Paclitaxel Extravasation Treatment
Immediately stop the infusion, leave the cannula in place, and attempt to aspirate as much extravasated drug as possible through the existing line—paclitaxel is a vesicant capable of causing severe tissue necrosis requiring surgical debridement. 1, 2
Immediate Management Steps
Step 1: Stop and Aspirate
- Stop the infusion immediately upon suspicion of extravasation 3, 1
- Leave the cannula in place—do not remove it 3, 4
- Gently aspirate through the existing cannula to withdraw as much extravasated solution as possible 3, 4
- Avoid applying pressure or massaging the surrounding area, as this spreads the drug further into tissues 4, 5
Step 2: Supportive Care
- Elevate the affected extremity to reduce swelling 4
- Apply dry cold compresses for 15-20 minutes, four times daily for 24-48 hours to promote vasoconstriction and limit drug dispersion 5
- Provide appropriate analgesia for pain control, as paclitaxel extravasation can cause severe pain 4
Step 3: What NOT to Do (Critical Pitfalls)
- Do not use subcutaneous corticosteroids—retrospective data demonstrates that intralesional corticoids increased the need for surgical debridement 5
- Do not remove the cannula before attempting aspiration 3, 4
- Do not apply manual pressure to the extravasation site 4, 5
Documentation Requirements
Document the following mandatory items for patient safety and legal purposes: 3, 5
- Patient name and identification number
- Date and time of extravasation
- Name of drug extravasated and diluent used
- Signs and symptoms (including those reported by patient)
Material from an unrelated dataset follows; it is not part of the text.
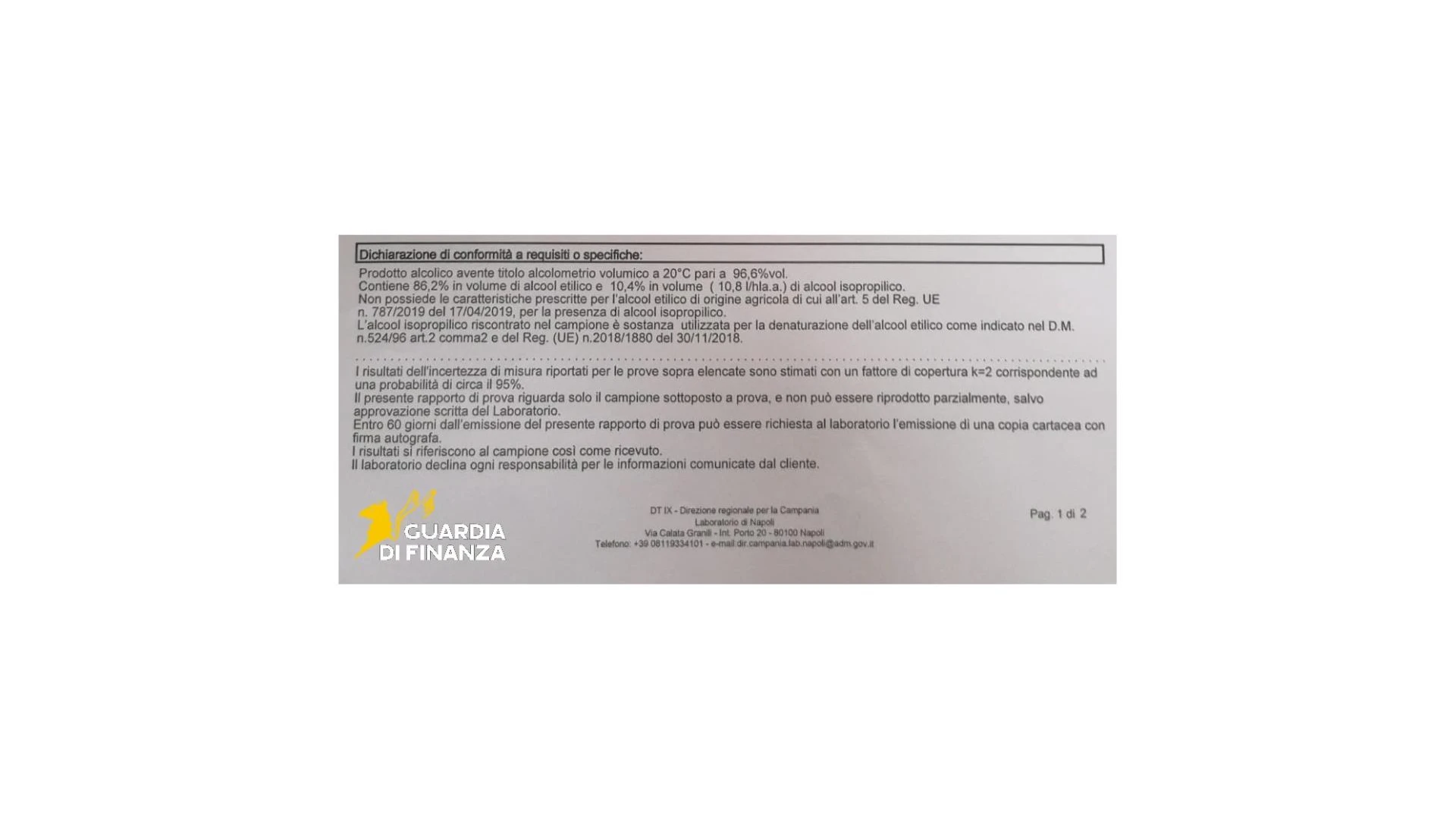 Le analisi chimiche del prodotto sequestrato hanno ora svelato la presenza, nel campione esaminato dal laboratorio dell'Agenzia delle Dogane e dei Monopoli di Napoli, di alcool isopropilico, in percentuale tra il 9,7 e il 10,4, composto che viene normalmente utilizzato per usi industriali, medici e cosmetici, e che comporta gravi rischi per la salute in caso di ingestione.Il suggerimento della GdiF, pertanto, è di acquistare solo da rivenditori autorizzati e diffidare di offerte troppo convenienti o prodotti di dubbia provenienza.Per il principio di presunzione di innocenza, la responsabilità degli indagati sarà definitivamente accertata solo nel caso in cui intervenga una sentenza irrevocabile di condanna.L’attività di servizio testimonia il costante impegno della Guardia di finanza nel contrasto ai traffici illeciti a tutela, oltre che dell’erario e dell’economia sana, anche della salute e dei diritti dei consumatori.

- Description of the IV access site and location
- Estimated extravasation area and approximate volume of drug
- Management steps taken with corresponding times
- Consider photographic documentation for follow-up purposes and decision-making 3, 5
Follow-Up Protocol
Review the patient daily or every 2 days during the first week, then weekly until complete resolution of symptoms 3, 4
What to Monitor For:
- Early signs may be subtle and not immediately evident 3
- In the following days, initial inflammation increases with more redness, edema, and pain 3
- After several days or weeks, blisters may appear and inflammation can evolve to necrosis 3, 2
- One case report documented no acute symptoms at the time of extravasation, but severe progressive pain developed on day 11 with erythema and central necrosis requiring surgical intervention 2
Surgical Management
Surgical debridement is reserved for unresolved tissue necrosis or pain lasting more than 10 days 3, 4, 5
Surgical Procedure:
- Wide, three-dimensional excision of all involved tissue 3, 5
- Temporary coverage with biologic dressing 3, 5
- Simultaneous harvesting and storage of split-thickness skin graft 3
- Delayed graft application at 2-3 days once the wound is clean 3, 5
Note that only one-third of extravasations progress to ulceration, so surgical intervention is relegated to severe cases or when conservative therapy was not appropriately initiated 3
Special Considerations for Central Line Extravasation
Suspect central line extravasation if acute thoracic pain develops during infusion 3, 4
Management:
- Confirm diagnosis with thoracic CT scan showing accumulation in mediastinum, pleura, or subcutaneous chest/neck tissue 3, 4
- Stop the infusion and aspirate through the central venous catheter as much solution as possible 3
- Consider IV corticosteroids, antibiotics, and analgesia for mediastinitis or pleuritis symptoms 3, 4
- Surgical drainage procedures may be considered in severe cases 3
Important Clinical Context
Paclitaxel's vesicant potential has been historically underestimated—older literature classified it as merely a local irritant, but multiple case reports demonstrate it can cause severe delayed necrosis requiring surgical debridement 2, 6. The FDA label specifically warns about the possibility of extravasation and advises close monitoring of the infusion site during administration 1. Prolonged peripheral infusions should be avoided or administered with extreme caution 2.